Creature Feature: Guanacos in Patagonia

David Thyberg ©

The sleek and powerful guanacos are native to the arid, mountainous regions of South America. In Chile and Argentina, they are more numerous in the Patagonian steppes, in places like the Torres del Paine National Park, and Isla Grande de Tierra del Fuego, where they roam wild all year round. Because they are found at such high altitudes, they have developed to survive the low oxygen levels.

FLASH FACT: Apparently a teaspoon of guanaco blood contains about 68 million red blood cells – 4 times that of a human. Something any athlete would dream of!

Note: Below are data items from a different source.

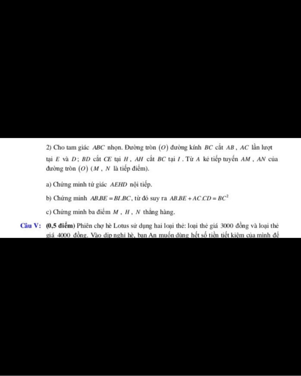 $\to \widehat{AMH}=\widehat{AIM}=\widehat{ANM}=\widehat{AMN}$ vì $AM=AN$ và $AMINO$ nội tiếp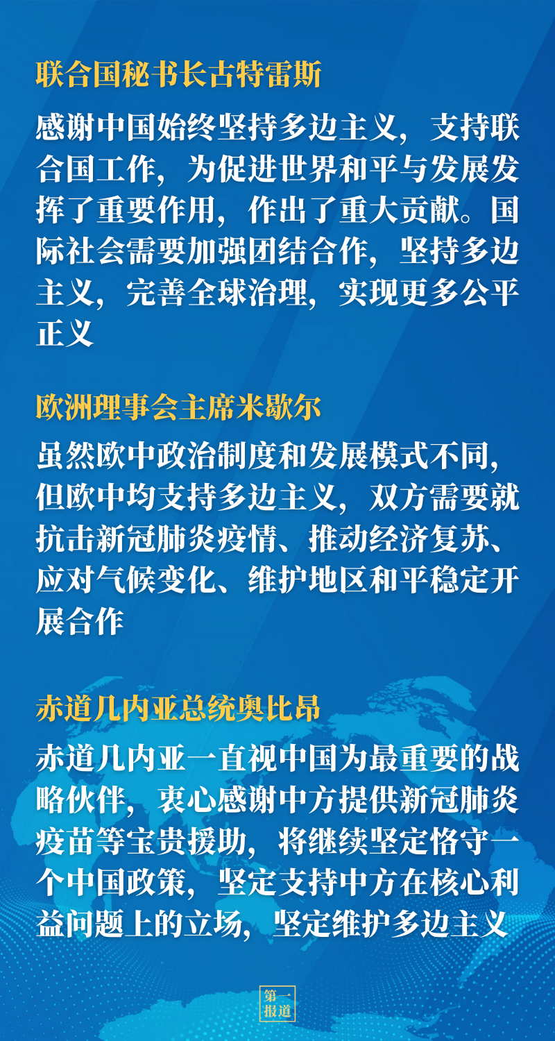 在同聯合國秘書長古特雷斯、歐洲理事會主席米歇爾、巴基斯坦總理伊姆蘭·汗、巴布亞新幾內亞總理馬拉佩、赤道幾內亞總統(tǒng)奧比昂等國際和地區(qū)組織以及國家領導人的交流中,習近平主席都分別同各方就堅持真正的多邊主義深入交流,獲得積極反饋——
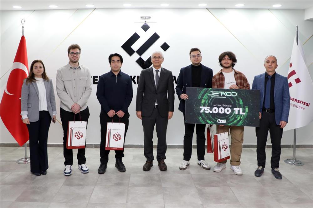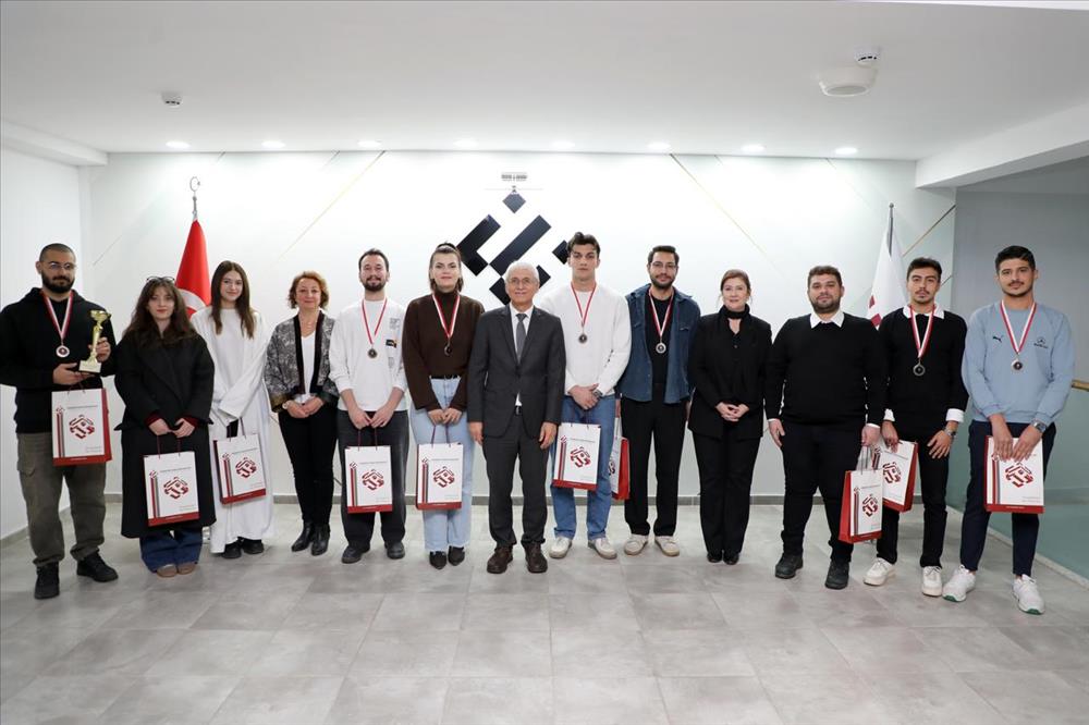Ziyarette; JET KOD Hackathonda ikincilik derecesi elde eden Mühendislik Fakültesi öğrencileri Abdullah Alp ERŞAHİN, Doğukan Ataberk GÖNÜLLÜ, İsmail ÇINAR ve Emirhan ÇAKIR; UNESCO Ohrid Ancient Theatre Uluslararası Mimari Yarışmasında Community’s Choice Award (Topluluk Tercihi Ödülü) kazanan Mimarlık ve Tasarım Fakültesi öğrencileri Şerife Yeter BIYIKLI, Furkan KESER, Muzaffer Alperen SEZER, Yavuz Selim BİLGİ, Onur Alp ÖĞMEN, Ahmet Utku CAN, Kerem AĞIRMAN, Hasan Emirhan CAN, Amine Belemir TARIM ve Gülsüm NAGİZADE ile Avrupa Birliği finansmanı, UNDP ve Türkiye Belediyeler Birliği iş birliğinde yürütülen “Bugünün Gençleri Geleceğin Meslekleri” projesi kapsamında düzenlenen Fikrim Gelecek: Gençler Arası Dijital Çözümler Hackathonunda Yerel Düzeyde En Uygulanabilir Dijital Çözüm Birinciliği ödülünü kazanan Bilişim Teknolojileri Meslek Yüksekokulu öğrencileri Furkan BAŞTEPE ve Merve SULUBAHÇE yer aldı.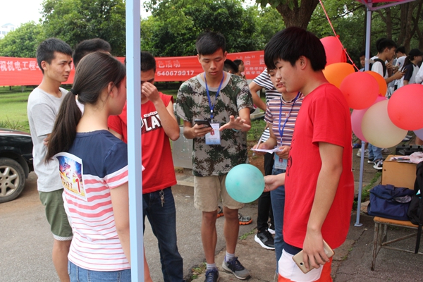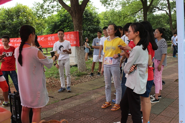 从“诚信气球保卫战”环节开始,几个小组开始了智慧与体力的较量。结束了气球保卫战的激烈对决后,所有小组又风风火火地赶往工科楼进行诚信知识抢答赛的智力比拼。队伍之间你追我赶,不甘落后,在答题环节中打得难分上下。随后很快进入了下一个游戏环节——收集诚信能量包,于是每个小组在去北田的路上,收集每个行人的诚信祝福语。最后来到北田,迎来此次活动的最后一个环节——斩杀不诚信恶霸,即每组抽取四个与不诚信相关的词语,分别由一位小组成员用英语、汉语释意,并肢体语言表演描述,小组其余成员负责猜词,许多表演者脑洞大开,巧妙利用场地工具,猜词队友完美配合,迅速猜出词语。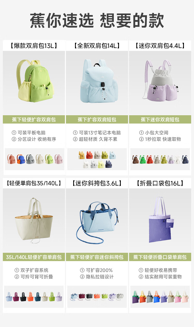 蕉下(beneunder)女包2026新款包包女包轻便双肩包背包通勤迷你双肩包包礼物送女生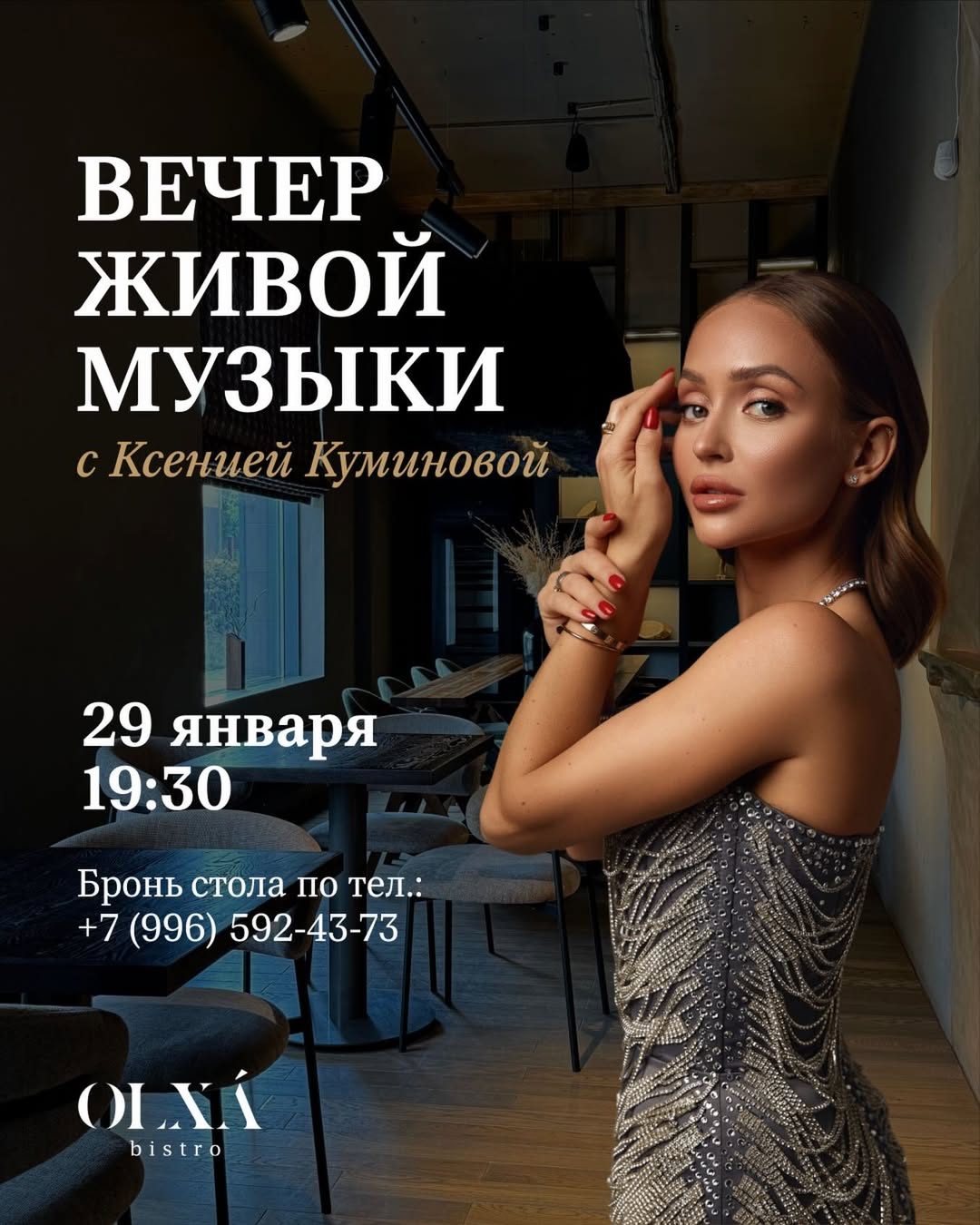 🎤 живой вокал от Ксении Куминовой — финальное послевкусие к бокалу вина и тёплому ужину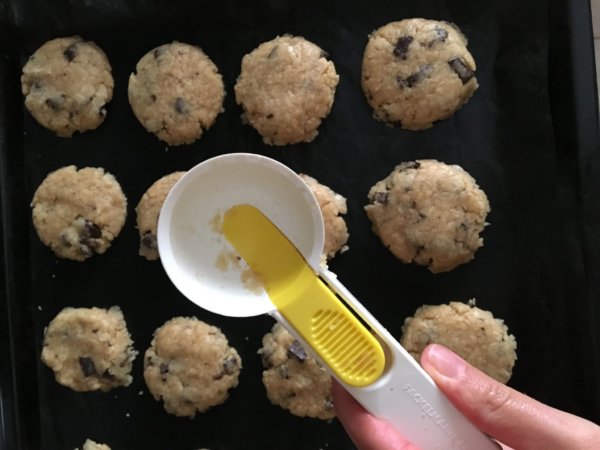 Vigyázok, hogy bőven legyen helyük terjeszkedni, különben összesülnek. Vizes kanállal kicsit ellapogatom a sütiket. A kekszeket 10-11 percig sütöm. A sütés után szépen megkeményednek, de belülről puhák maradnak. Várd meg míg teljesen kihűlnek, aztán egy dobozban akár egy hétig is eláll, ha marad 🙂

Guanaco fur ranges from a light brown to dark cinnamon and shading to white underneath. They have small grey faces which makes their big pointed ears and large brown eyes really stand out. Their streamlined form and nimble nature allows them to reach up to speeds of 35mph even over the steep and rocky terrain! Guanacos, with a typical life span of 20 to 25 years, live in herds composed of females, their young and a dominant male. But the bachelor males like to form their own exclusive separate herd. When they feel threatened, (usually from their one natural predator, the puma), guanacos alert the herd to flee with a high-pitched bleating call. However, with the reduction in range and numbers of pumas, guanacos have begun to flourish. On Isla Grande de Tierra del Fuego you can see them in large numbers, and they are not as shy as those on the mainland.